O fato é que essa divergência na interpretação da lei gera uma insegurança gigantesca para os provedores, que querem atuar de acordo com o Marco Civil da internet e para as autoridades policiais, que entendem dispor de competências maiores.
 
Destaco ainda que o requerimento de ordem judicial por parte da autoridade policial não gera nenhuma barreira para a investigação. Hoje em dia os processos são digitais e basta um simples pedido eletrônico pelo Delegado, contendo os requisitos do artigo 22, parágrafo único, para o que o requerimento seja deferido pela autoridade judicial.
 
Resumindo, havendo requisição de dados de conexão de IP’s, a Prestadora é obrigada a fornece-los à autoridade tão somente em caso de ordem judicial. A recusa ou não resposta à autoridade judicial poderá gerar responsabilização por descumprimento.
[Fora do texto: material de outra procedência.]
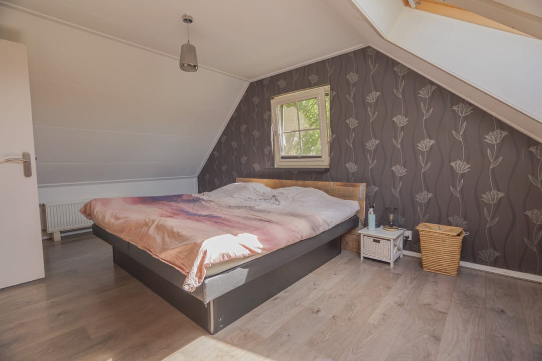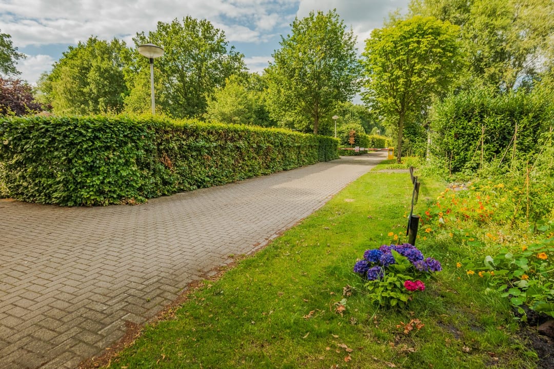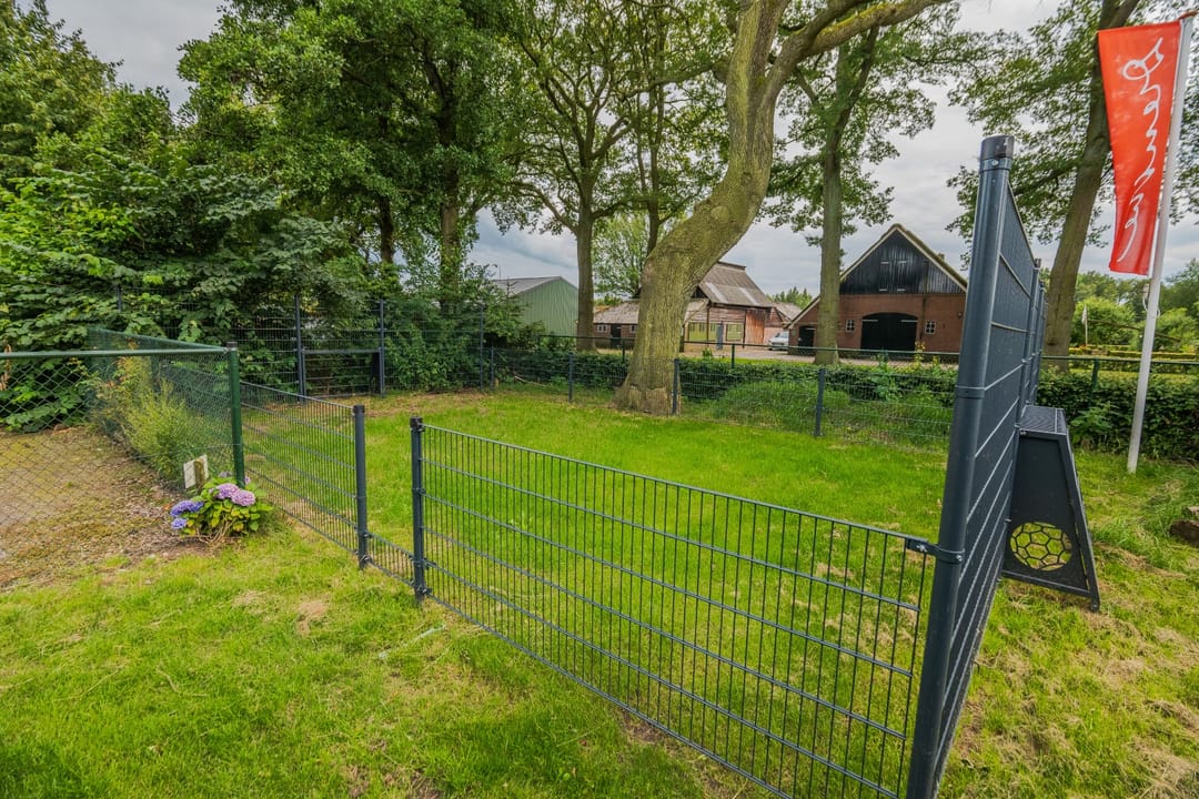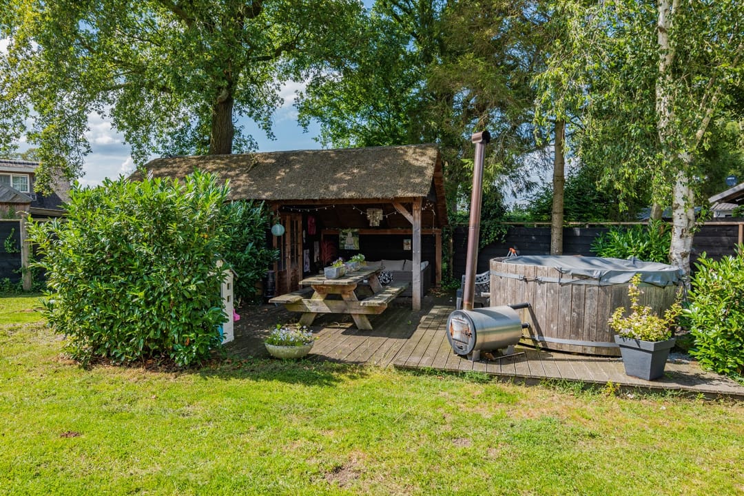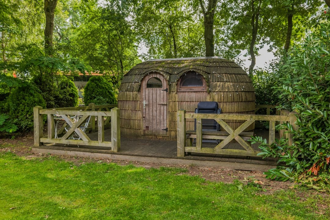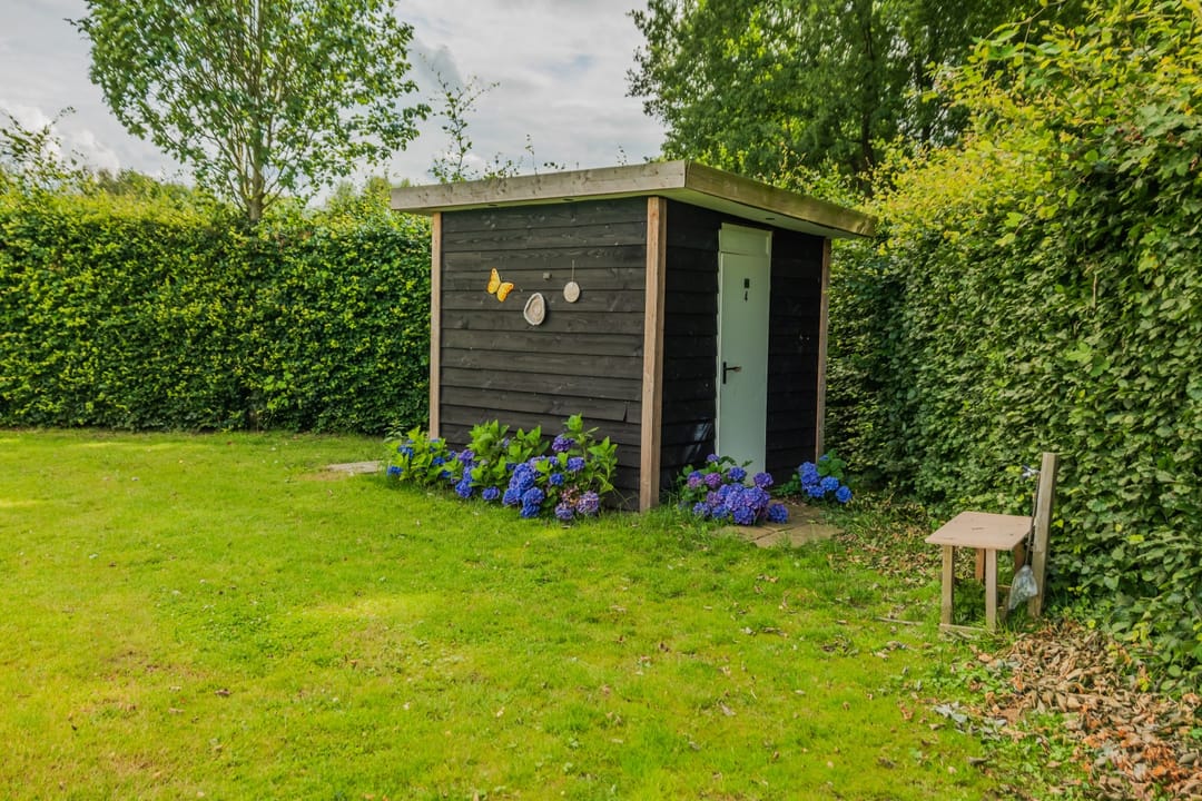 Aan de bedrijfswoning is een schuur met afdak gebouwd, in de omliggende diepe tuin is een tuinhuis met hottub geplaatst.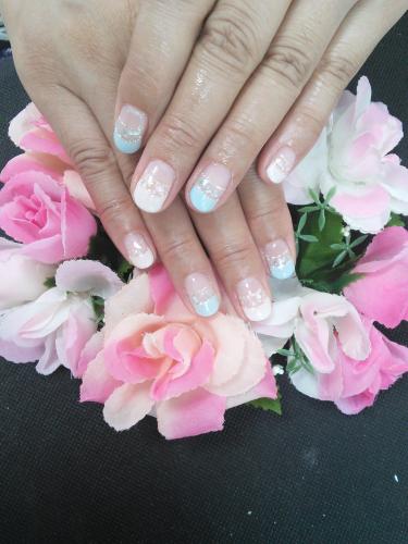 ピンクとブルーのフレンチに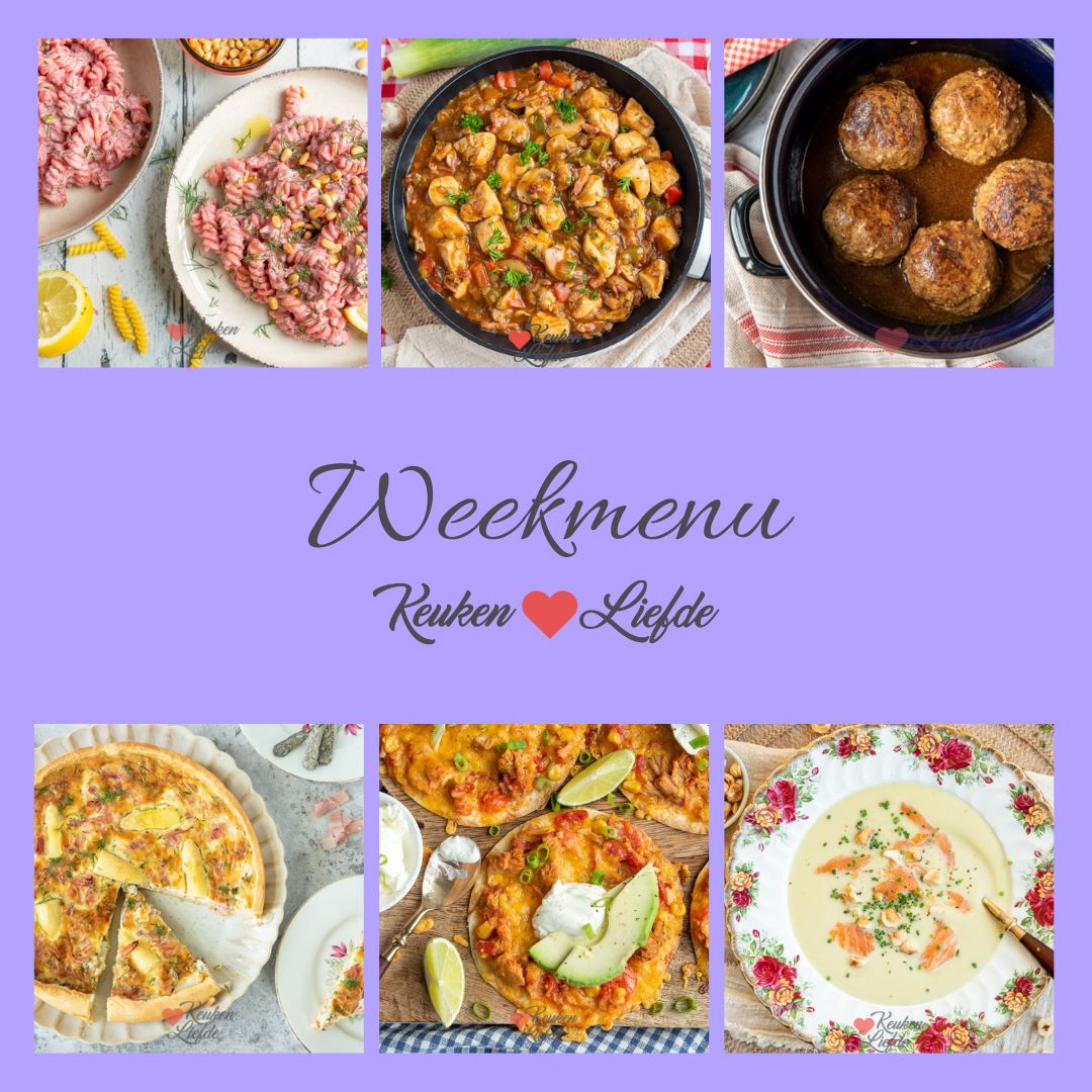 Een weekmenu is een handige en leuke manier om alvast te bedenken wat je de hele week gaat eten. Omdat er bij de meeste mensen vaak één dag in de week is waarop je niet kookt — omdat er bijvoorbeeld kliekjes zijn, of omdat je zin hebt in een frietje of iets anders — deel ik in dit weekmenu 6 hoofdgerechten. Op zondag gaan we op de zoete toer en deel ik een lekker toetje of zoet baksel met je.
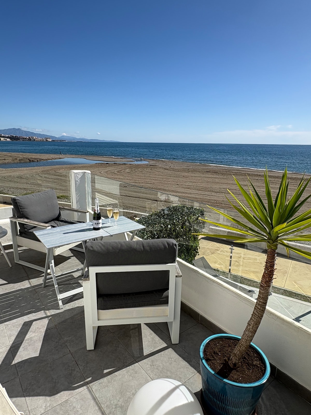 Hvis du leder efter den bedste havudsigt i Estepona, så er du kommet til det rette sted. Ægte strandliv med privat direkte adgang til havet og en næsten 60 m² terrasse designet til at sætte farten ned og nyde. Morgenmad med udsigt over Afrika og Gibraltar, lange grillfester, siestaer i skyggen og solnedgange med lyden af bølgerne. Rummeligt interiør, konstant naturligt lys og et behageligt, intimt layout med en elektrisk pejs. Ideel til familier, par eller vennegrupper. Kun hav, rummelighed og ro.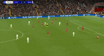 半场比赛结束之前,利物浦球员索博斯洛伊大禁区外远射,库尔图瓦单掌将皮球挡出底线,靠着门将的神勇发挥,皇马艰难带着0-0的比分回到了更衣室。

A autoridade policial ou o Ministério Público poderá tão somente requerer cautelarmente ao provedor de conexão que os registros de conexão sejam guardados por prazo superior a 1 (uma) ano.
 
É importante destacar que várias autoridades policiais se utilizam do mecanismo de solicitação de ordem judicial para identificar o usuário. O que só reforça a contradição com a tentativa de burlar o Marco Civil da Internet, solicitando administrativamente os dados cadastrais de IP.
 
Até o momento o judiciário não enfrentou realmente o tema o que por enquanto gera insegurança e reflexos para os provedores de acesso à internet.
 
É certo que o tema envolve uma ampla discussão que vai além das próprias ações judiciais que questionam os inúmeros pedidos de quebra de sigilo sem autorização judicial. Esperamos que em breve tenhamos jurisprudência pacificando de vez esse tema. Contudo, bastaria o Decreto 8.771/2016 que regulamenta o Marco Civil, apontar de forma taxativa a impossibilidade de as autoridades policiais solicitarem dados cadastrais de IP para obterem análise dos registros de conexão sem ordem judicial.